Boeing 737 MAX Economy
Airfare prices aren’t set based on the average cost to fly a plane. The average cost to fly a plane sets the boundaries for how much capacity is offered, and prices are a function of passenger demand. Indeed no industry is more adept at charging different prices to different customers than airlines, segmenting passengers based on willingness to pay. It’s not as though customers overall are somehow willing to pay more to travel than they pay today and airlines aren’t charging more.
Indeed it’s the ultra low cost carriers setting the lowest prices for the most part, with the large legacies matching. That’s the entire point of the rise of Basic Economy fares, charging what the ultra low cost carriers do for tickets but segmenting customers so those who will pay more do. (Isom makes the point that fuel is a higher percentage of total costs for an ultra low cost carrier than for American, because everyone more or less pays the same for fuel while Spirit’s and Frontier’s other costs are lower.)
Rising fuel prices mean that certain routes become unprofitable. So airlines cut back on their flying, taking capacity out of the marketplace. They are less likely to experiment with new routes. They don’t compete as aggressively with each other introducing more capacity into competitor airline hubs. And fewer seats drive up prices. That’s the mechanism by which prices rise when fuel costs rise. At least that’s the expectation.
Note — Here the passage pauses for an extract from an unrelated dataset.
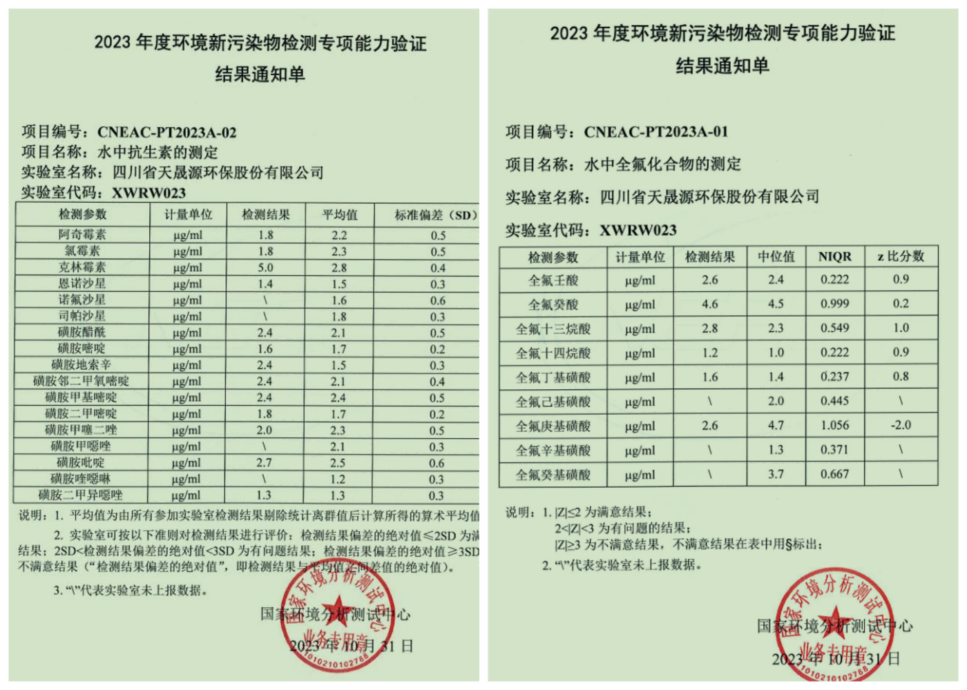 近日,火狐(中国)官方网站-登录入口(以下简称“天晟源环保”)以优异的成绩顺利通过了生态环境部国家环境分析测试中心组织的“2023年度环境新污染物专项能力验证”,本次能力验证项目主要包括水中全氟化合物和抗生素。
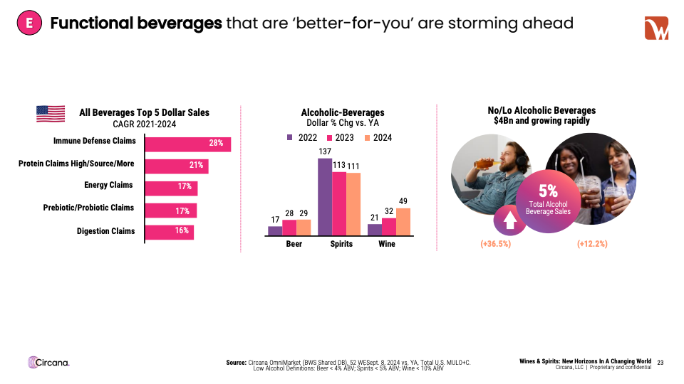 价值增长的另一支柱是高端化与小规格趋势。消费者倾向于“少喝但喝好”,推动高端烈酒、小瓶装及体验型产品的需求。与此同时,低度与无酒精产品快速崛起。美国市场低度酒精饮料规模已达40亿美元,低度烈酒在RTD鸡尾酒和硬苏打中的份额三年内提升近17个百分点,表明适度化和功能化正在重塑酒精饮料的边界。

However United’s President Scott Kirby says there’s little benefit to reduced flying since they’re already paying for the planes and in many cases fully committed to pay for employee time too. So will United cut capacity?
Probably not enough to offset capacity growth at American that comes simply by virtue of more seats on the same existing planes.
Each of the large legacies will still compete with the ultra low cost carriers on the basis of price. They’ll still compete aggressively on price to fill their marginal seats. And American’s densification program, Project Oasis, means there will be more seats on each flight to sell. So will higher fuel costs lead to higher prices as American believes?